Stellen Sie sich das Panzerglas vor Ihrem inneren Auge bewusst vor. Laufen Sie übungshalber durch die Wohnung und visualisieren Sie Ihren Schutz: Wohin Sie auch gehen, Sie tragen stets eine dicke Scheibe aus Panzerglas vor sich her. Selbstverständlich können Sie sich auch eine andere Schutzvorrichtung vorstellen, was besser zu Ihnen passt. Eine Käseglocke oder aber der Schutzschild des Raumschiffes Enterprise… egal, wählen Sie einfach ein Bild, dass Sie in Gedanken stets leicht abrufen können (Vielen Menschen hilft auch die Vorstellung einer stämmigen Eiche anstatt dem Panzerglas -, die tief verwurzelt und beweglich jeden Sturm übersteht.)
Für was Sie sich auch entscheiden: Hauptsache, es verleiht Ihnen das Gefühl eines geschützten Raumes, in welchem Sie auch ausserhalb Ihrer vier Wände ganz bei sich bleiben können. Der Schutz verleiht Ihnen Stabilität. Die Angriffe prallen ab und Sie bleiben fest mit beiden Beinen auf dem Boden stehen. Nichts kann Sie aus der Bahn werfen!

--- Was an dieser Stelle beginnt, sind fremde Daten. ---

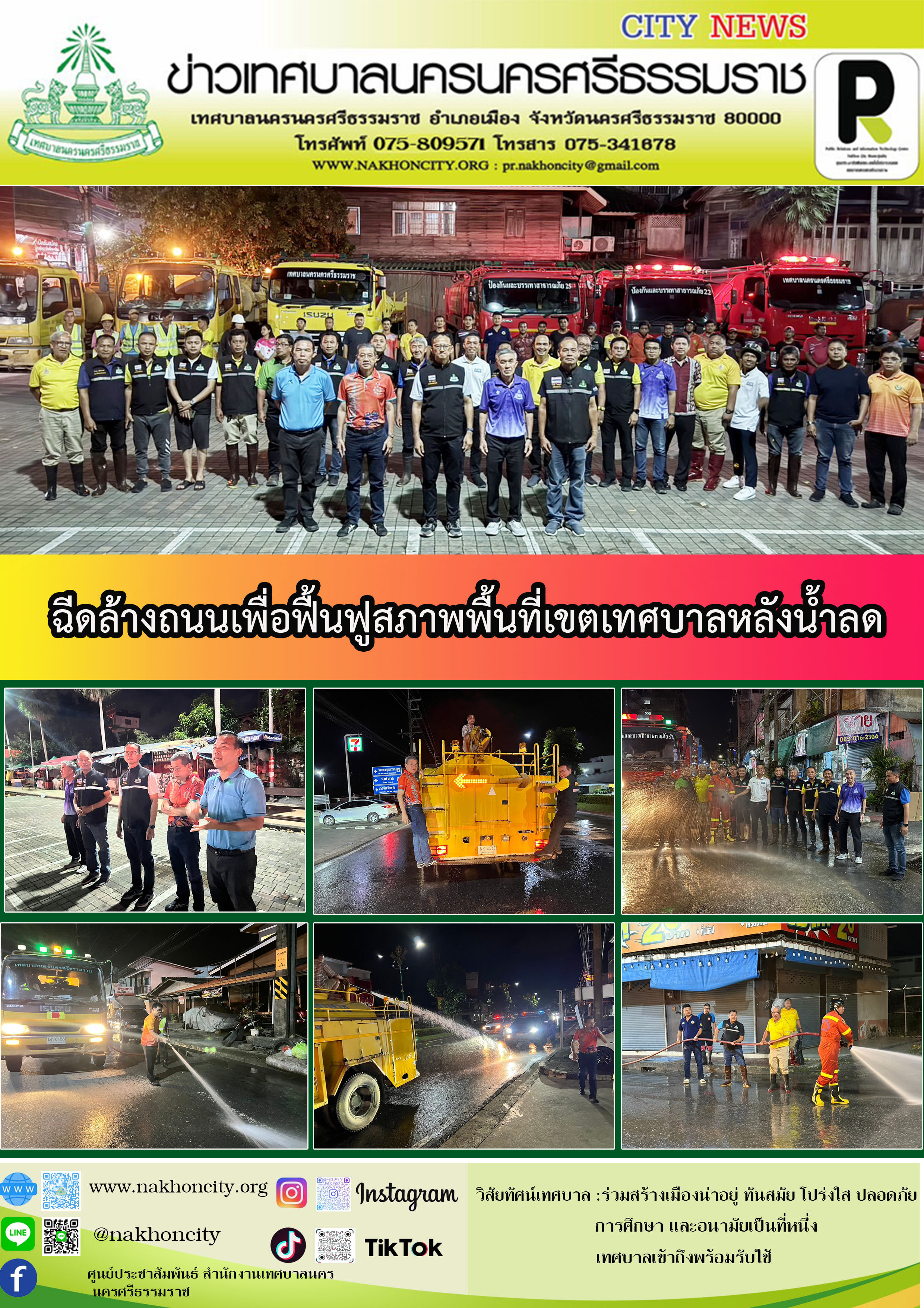 | นายกเทศมนตรีนครนครศรีธรรมราช นำคณะผู้บริหาร สมาชิกสภาเทศบาล หัวหน้าส่วนราชการ พนักงานกองสาธารณสุขและสิ่งแวดล้อม และพนักงานป้องกันและบรรเทาสาธารณภัยฉีดล้างถนนเพื่อฟื้นฟูสภาพพื้นที่เขตเทศบาลหลังน้ำลด |

Wenn Sie sich nun das nächste Mal einer verbalen Attacke ausgesetzt sehen, aktivieren Sie sofort den geistigen Schutzschirm: Denken Sie an Ihr Bild des Panzerglases, der Eiche im Sturm oder was auch immer Ihnen hilft. Unterstützend können Sie sich auch einen Code ausdenken. Einen Satz, den Sie sich stets still und in Gedanken vorsagen: «Mit mir nicht» oder «Das trifft mich nicht» oder «Das lass ich beim anderen». Mit dem Code aktivieren Sie den Schutzschild!
Hilfreich ist es zudem, wenn Sie für die potentiell «gefährlichen» Situationen die richtigen «Antennen» entwickeln. Wenn Sie in einem Umfeld arbeiten, indem verbalen Attacken immer wieder vorkommen, dann seien Sie stets darauf gefasst.
Nicht schön, aber nötig. Halten Sie sich mögliche Situationen vor Augen und lernen Sie zu erkennen, wann das Gegenüber Grenzen überschreitet. So verringern Sie das Risiko, von einem verbalen Angriff überrumpelt zu werden.
Vielleicht kennen Sie Ihre Pappenheimer, vielleicht ist es stets der selbe Kollege, der Sie zum Ziel gewählt hat. Lassen Sie sich durch sein Verhalten nicht „einlullen“. Vielleicht gibt er sich ab und an ganz freundlich und zahm, um dann urplötzlich verbal zuzuschlagen. Seien Sie also auf der Hut!
Dies ist ein erster und hoffentlich auch für Sie hilfreicher Schritt, um sich erfolgreich zu wehren! Natürlich braucht es Übung und etwas Mut, die Technik in der Praxis anzuwenden. Und ich bin überzeugt, auch Sie können von dieser Methode profitieren!
Im Prinzip gibt es keinen Grund, sich auf unqualifizierte Bemerkungen, auf Sticheleien und blöde Sprüche von Arbeitskollegen einzulassen. Wenn auch Sie sich gegen die Launen der anderen wappnen möchten, dann entwickeln Sie einen unzerstörbaren Schutzschild und lassen die den verbalen Müll Ihrer Zeitgenossen fortan an sich abprallen.
Dadurch bleiben Sie in Ihrer Mitte ausbalanciert und geben Ihren persönlichen Plänen und Zielen Priorität. Ausserdem gewinnen Sie Zeit, wenn Sie einen kühlen Kopf bewahren: Sie können dann immer noch angemessen antworten, wenn Ihnen das wichtig erscheint. Sofort und schlagfertig zu reagieren ist nicht à priori zwingend.